→ **TASK TO CARRY OUT**
Only one stretch of the data below is needed: the line with "中國證監會網站顯示,2023" through the last line. Output it exactly and drop the pictures.

→ **EXCERPTED RECORDS**

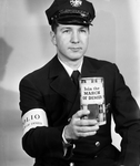 Fireman Lewis Ashley, collector for March of Dimes to benefit people with poliomyelitis. He is shown holding a March of Dimes collection can.
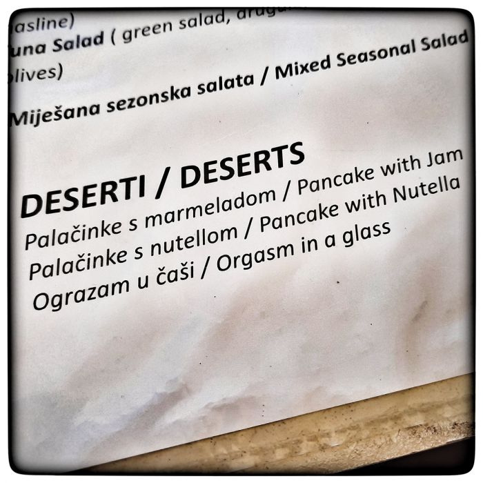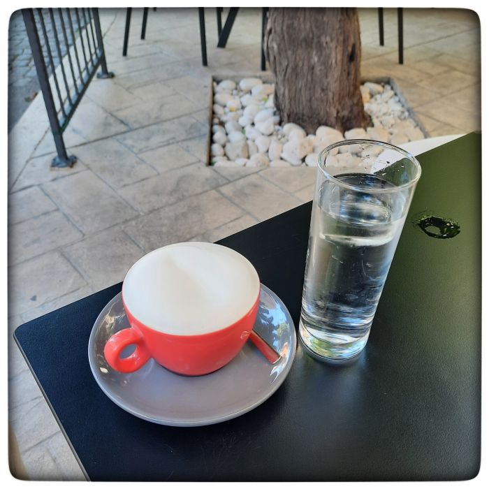 Kroatien ist nicht das Land des ausgedehnten Frühstücks, was ich sehr schade finde. Denn was gibt es schöneres, als sich in einem fremden Land vormittags an einem belebten Platz in ein Café zu setzen und bei Kaffee und einem Süßteilchen dem Treiben zuzusehen. Im Café gibt es keine Süßteilchen. Teilchen gibt es beim Bäcker. Da gibt es aber keinen Kaffee. Beides zusammen? Nicht in Kroatien.
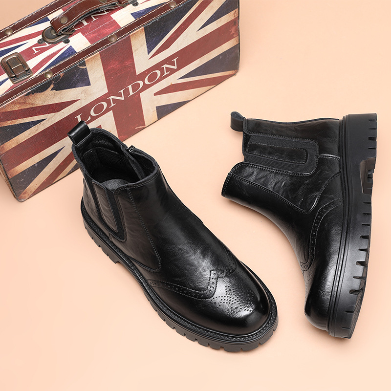 英倫風チェルシーブーツ男性マーティンブーツビジネス高組革靴本革英倫タバコ筒ショートブーツカジュアル春秋
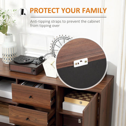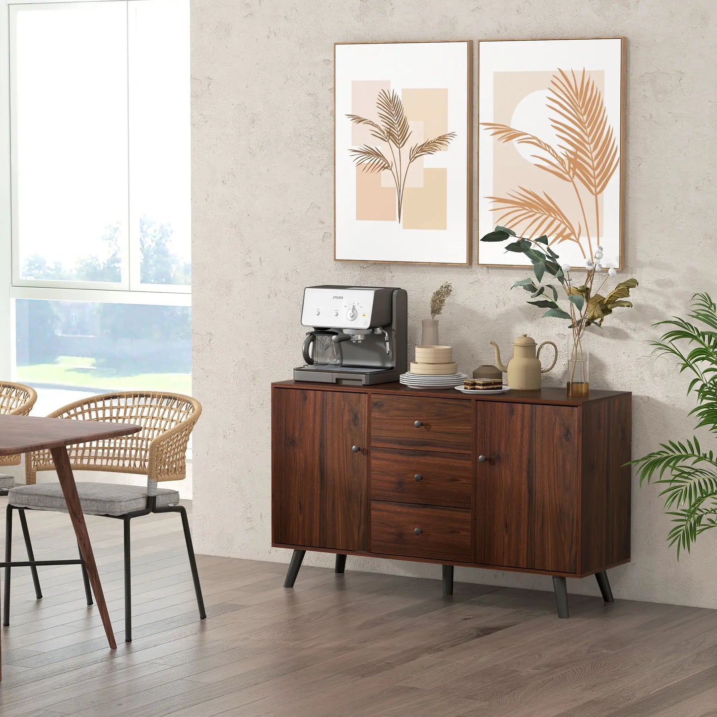 Kitchen Storage Sideboard, Buffet Cabinet, 2 Cupboard, 3 Drawers, Adjustable Shelves, Rustic Brown
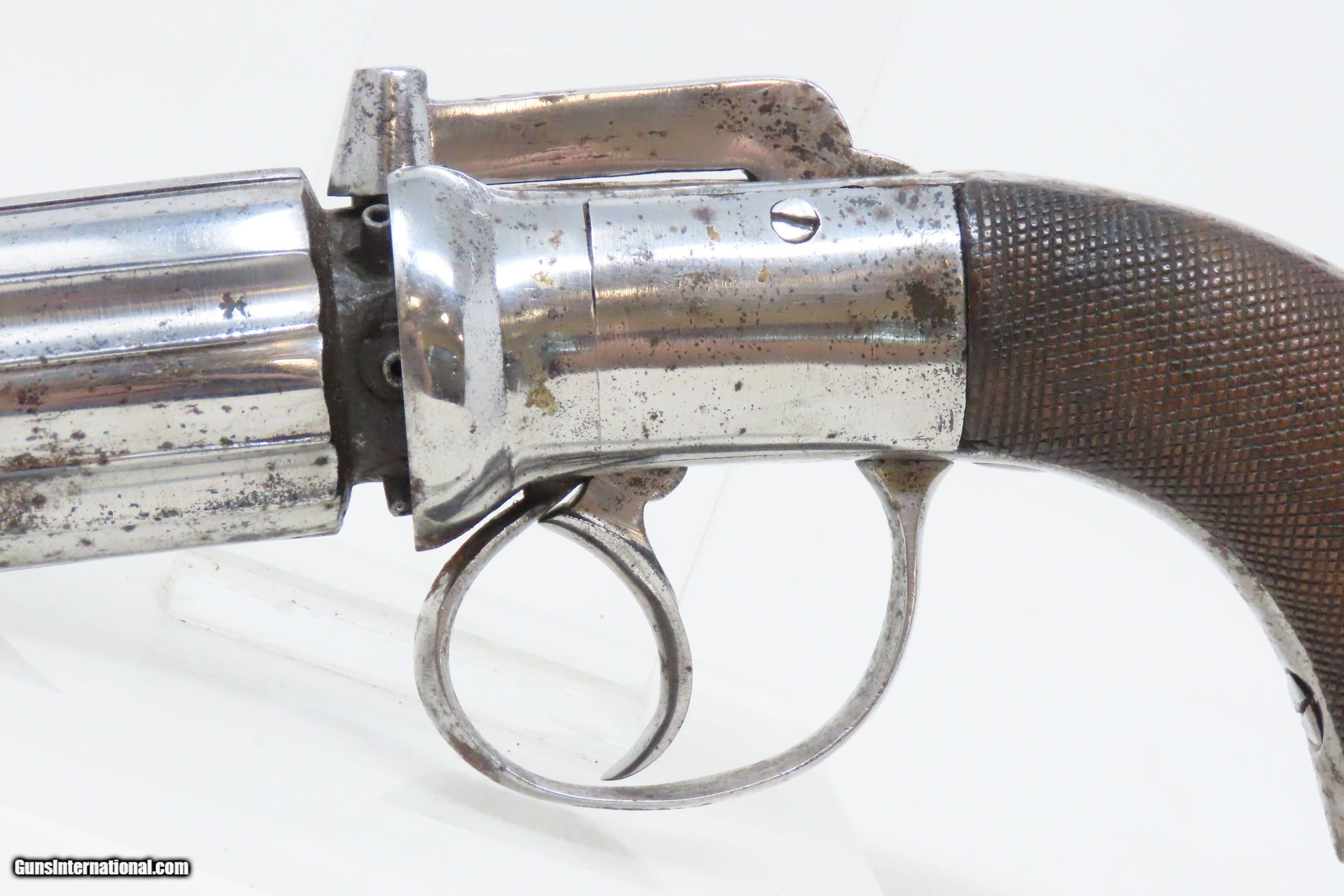 BRITISH PROOFED Antique .32 Cal. Bar Hammer Percussion PEPPERBOX Revolver
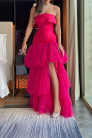 Sheath Elegant Pink Tulle Tiered Strapless Sleeveless Long Prom Dresses Discount Long Party Dress
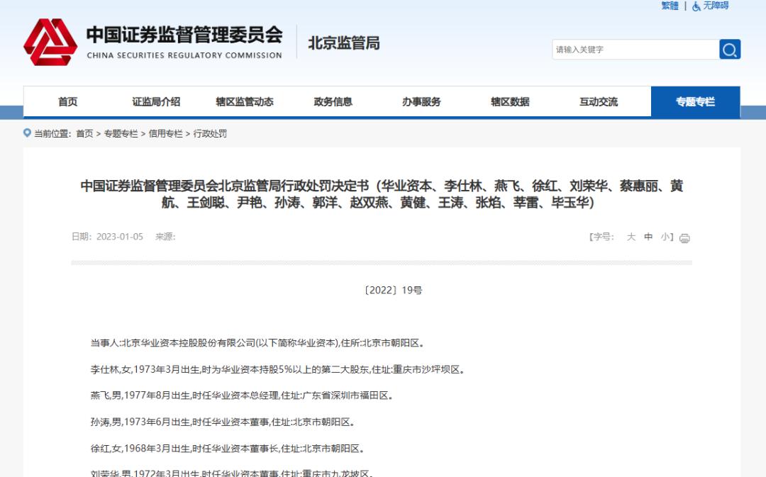 中國證監會網站顯示,2023年1月5日,北京證監局公開了對原A股上市公司華業資本的行政處罰決定書。因涉嫌各類信披違規,該局對李仕林、時任董事長徐紅、時任總經理燕飛、時任董事孫濤等16名高管給予警告,并分別處以3萬元至60萬元不等的罰款。
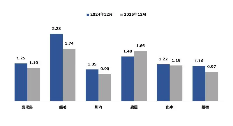 2026年2月現在、鹿児島労働局からリリースされている2025年12月度の有効求人倍率データをまとめました。

→ **EXPECTED OUTPUT**
 中國證監會網站顯示,2023年1月5日,北京證監局公開了對原A股上市公司華業資本的行政處罰決定書。因涉嫌各類信披違規,該局對李仕林、時任董事長徐紅、時任總經理燕飛、時任董事孫濤等16名高管給予警告,并分別處以3萬元至60萬元不等的罰款。
 2026年2月現在、鹿児島労働局からリリースされている2025年12月度の有効求人倍率データをまとめました。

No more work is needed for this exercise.